REQUIREMENT: Could you output only the lines from the one containing "Lo serví en" through the last line of the data, both included?

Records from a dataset
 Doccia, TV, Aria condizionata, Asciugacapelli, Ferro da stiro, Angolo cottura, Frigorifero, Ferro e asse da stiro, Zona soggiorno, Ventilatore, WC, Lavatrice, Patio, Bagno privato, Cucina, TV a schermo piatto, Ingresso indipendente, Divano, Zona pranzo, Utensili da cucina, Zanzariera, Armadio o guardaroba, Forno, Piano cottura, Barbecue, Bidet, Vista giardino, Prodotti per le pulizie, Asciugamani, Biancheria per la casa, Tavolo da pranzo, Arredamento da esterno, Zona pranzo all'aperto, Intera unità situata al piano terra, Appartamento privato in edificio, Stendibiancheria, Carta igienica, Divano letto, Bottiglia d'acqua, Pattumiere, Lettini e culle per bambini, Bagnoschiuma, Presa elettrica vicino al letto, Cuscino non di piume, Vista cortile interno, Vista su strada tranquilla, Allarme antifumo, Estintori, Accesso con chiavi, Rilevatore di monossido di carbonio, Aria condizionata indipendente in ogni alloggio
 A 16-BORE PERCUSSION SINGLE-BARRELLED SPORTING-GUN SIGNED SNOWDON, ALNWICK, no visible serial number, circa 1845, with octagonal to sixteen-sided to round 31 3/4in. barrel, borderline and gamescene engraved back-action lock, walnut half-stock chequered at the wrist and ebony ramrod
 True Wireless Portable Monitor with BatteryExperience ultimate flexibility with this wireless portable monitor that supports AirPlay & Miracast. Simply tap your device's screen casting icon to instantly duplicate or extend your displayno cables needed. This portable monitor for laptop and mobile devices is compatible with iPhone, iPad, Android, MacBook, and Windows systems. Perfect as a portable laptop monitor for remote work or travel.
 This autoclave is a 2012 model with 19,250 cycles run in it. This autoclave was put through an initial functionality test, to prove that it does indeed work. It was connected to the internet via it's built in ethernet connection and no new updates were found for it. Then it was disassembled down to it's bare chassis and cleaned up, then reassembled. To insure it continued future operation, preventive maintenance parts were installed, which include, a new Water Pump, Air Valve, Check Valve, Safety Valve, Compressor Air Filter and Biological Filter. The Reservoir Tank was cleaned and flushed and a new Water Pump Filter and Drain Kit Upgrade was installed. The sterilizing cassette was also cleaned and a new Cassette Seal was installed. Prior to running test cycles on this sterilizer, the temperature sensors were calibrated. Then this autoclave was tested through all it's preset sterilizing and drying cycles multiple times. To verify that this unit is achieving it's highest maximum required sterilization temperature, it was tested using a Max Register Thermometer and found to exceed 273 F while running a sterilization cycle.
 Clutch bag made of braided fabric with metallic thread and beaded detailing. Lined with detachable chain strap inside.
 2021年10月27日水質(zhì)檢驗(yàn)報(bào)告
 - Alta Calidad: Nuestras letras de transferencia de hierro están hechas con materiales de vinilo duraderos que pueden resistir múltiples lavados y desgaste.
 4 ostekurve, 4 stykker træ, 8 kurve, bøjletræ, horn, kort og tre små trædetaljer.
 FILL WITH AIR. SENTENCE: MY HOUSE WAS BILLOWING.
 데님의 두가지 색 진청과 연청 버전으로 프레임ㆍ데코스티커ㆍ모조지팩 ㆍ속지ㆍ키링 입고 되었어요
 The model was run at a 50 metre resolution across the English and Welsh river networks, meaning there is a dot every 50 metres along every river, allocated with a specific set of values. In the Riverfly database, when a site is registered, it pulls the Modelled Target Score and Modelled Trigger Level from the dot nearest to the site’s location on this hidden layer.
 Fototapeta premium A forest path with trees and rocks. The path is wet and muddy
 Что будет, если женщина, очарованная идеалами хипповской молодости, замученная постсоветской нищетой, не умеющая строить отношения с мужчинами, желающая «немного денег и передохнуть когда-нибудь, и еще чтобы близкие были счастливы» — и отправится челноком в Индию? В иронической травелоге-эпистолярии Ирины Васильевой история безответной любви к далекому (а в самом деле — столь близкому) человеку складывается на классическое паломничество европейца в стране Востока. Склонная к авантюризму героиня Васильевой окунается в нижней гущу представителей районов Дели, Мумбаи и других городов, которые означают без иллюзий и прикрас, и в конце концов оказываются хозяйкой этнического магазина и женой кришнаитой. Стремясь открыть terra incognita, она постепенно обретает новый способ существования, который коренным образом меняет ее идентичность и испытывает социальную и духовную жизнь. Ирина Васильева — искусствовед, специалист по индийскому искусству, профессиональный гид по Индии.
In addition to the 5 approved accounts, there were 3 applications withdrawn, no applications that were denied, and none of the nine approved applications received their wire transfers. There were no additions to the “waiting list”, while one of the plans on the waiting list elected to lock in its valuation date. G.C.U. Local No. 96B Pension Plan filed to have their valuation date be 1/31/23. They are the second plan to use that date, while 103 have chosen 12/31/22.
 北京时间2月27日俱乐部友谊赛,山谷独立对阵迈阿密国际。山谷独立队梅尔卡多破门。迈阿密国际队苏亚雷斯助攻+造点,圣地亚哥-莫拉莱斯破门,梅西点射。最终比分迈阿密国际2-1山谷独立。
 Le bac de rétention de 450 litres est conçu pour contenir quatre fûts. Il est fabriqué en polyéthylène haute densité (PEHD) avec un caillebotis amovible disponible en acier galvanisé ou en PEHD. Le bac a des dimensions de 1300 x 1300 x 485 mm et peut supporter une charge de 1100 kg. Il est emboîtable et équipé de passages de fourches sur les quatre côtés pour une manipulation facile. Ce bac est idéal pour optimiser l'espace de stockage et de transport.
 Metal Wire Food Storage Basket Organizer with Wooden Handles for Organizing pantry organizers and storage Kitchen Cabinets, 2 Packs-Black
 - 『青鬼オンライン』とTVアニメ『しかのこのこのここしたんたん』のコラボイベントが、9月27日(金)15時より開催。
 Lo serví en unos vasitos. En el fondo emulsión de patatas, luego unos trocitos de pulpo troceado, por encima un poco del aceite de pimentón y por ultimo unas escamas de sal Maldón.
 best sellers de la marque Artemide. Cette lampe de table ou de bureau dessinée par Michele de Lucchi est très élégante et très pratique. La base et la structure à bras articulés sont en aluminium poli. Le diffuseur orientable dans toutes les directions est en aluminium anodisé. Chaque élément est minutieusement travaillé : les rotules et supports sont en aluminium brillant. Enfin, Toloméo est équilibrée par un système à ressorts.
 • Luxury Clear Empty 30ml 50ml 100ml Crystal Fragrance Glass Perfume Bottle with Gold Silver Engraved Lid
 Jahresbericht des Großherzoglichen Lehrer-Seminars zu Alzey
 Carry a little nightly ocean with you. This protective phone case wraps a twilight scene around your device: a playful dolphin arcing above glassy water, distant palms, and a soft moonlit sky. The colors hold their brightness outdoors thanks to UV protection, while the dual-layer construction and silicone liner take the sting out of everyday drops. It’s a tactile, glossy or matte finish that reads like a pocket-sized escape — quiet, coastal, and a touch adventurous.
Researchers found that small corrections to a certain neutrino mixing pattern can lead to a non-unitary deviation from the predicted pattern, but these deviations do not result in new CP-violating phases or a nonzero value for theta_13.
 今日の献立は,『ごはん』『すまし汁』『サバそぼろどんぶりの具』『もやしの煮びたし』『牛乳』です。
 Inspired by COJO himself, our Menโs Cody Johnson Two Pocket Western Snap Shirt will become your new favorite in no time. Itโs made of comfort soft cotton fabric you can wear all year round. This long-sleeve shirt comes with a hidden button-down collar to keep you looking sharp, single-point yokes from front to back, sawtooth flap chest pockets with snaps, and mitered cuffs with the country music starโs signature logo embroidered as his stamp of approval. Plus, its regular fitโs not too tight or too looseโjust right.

COMPLETED EXERCISE:
 Lo serví en unos vasitos. En el fondo emulsión de patatas, luego unos trocitos de pulpo troceado, por encima un poco del aceite de pimentón y por ultimo unas escamas de sal Maldón.
 best sellers de la marque Artemide. Cette lampe de table ou de bureau dessinée par Michele de Lucchi est très élégante et très pratique. La base et la structure à bras articulés sont en aluminium poli. Le diffuseur orientable dans toutes les directions est en aluminium anodisé. Chaque élément est minutieusement travaillé : les rotules et supports sont en aluminium brillant. Enfin, Toloméo est équilibrée par un système à ressorts.
 • Luxury Clear Empty 30ml 50ml 100ml Crystal Fragrance Glass Perfume Bottle with Gold Silver Engraved Lid
 Jahresbericht des Großherzoglichen Lehrer-Seminars zu Alzey
 Carry a little nightly ocean with you. This protective phone case wraps a twilight scene around your device: a playful dolphin arcing above glassy water, distant palms, and a soft moonlit sky. The colors hold their brightness outdoors thanks to UV protection, while the dual-layer construction and silicone liner take the sting out of everyday drops. It’s a tactile, glossy or matte finish that reads like a pocket-sized escape — quiet, coastal, and a touch adventurous.
Researchers found that small corrections to a certain neutrino mixing pattern can lead to a non-unitary deviation from the predicted pattern, but these deviations do not result in new CP-violating phases or a nonzero value for theta_13.
 今日の献立は,『ごはん』『すまし汁』『サバそぼろどんぶりの具』『もやしの煮びたし』『牛乳』です。
 Inspired by COJO himself, our Menโs Cody Johnson Two Pocket Western Snap Shirt will become your new favorite in no time. Itโs made of comfort soft cotton fabric you can wear all year round. This long-sleeve shirt comes with a hidden button-down collar to keep you looking sharp, single-point yokes from front to back, sawtooth flap chest pockets with snaps, and mitered cuffs with the country music starโs signature logo embroidered as his stamp of approval. Plus, its regular fitโs not too tight or too looseโjust right.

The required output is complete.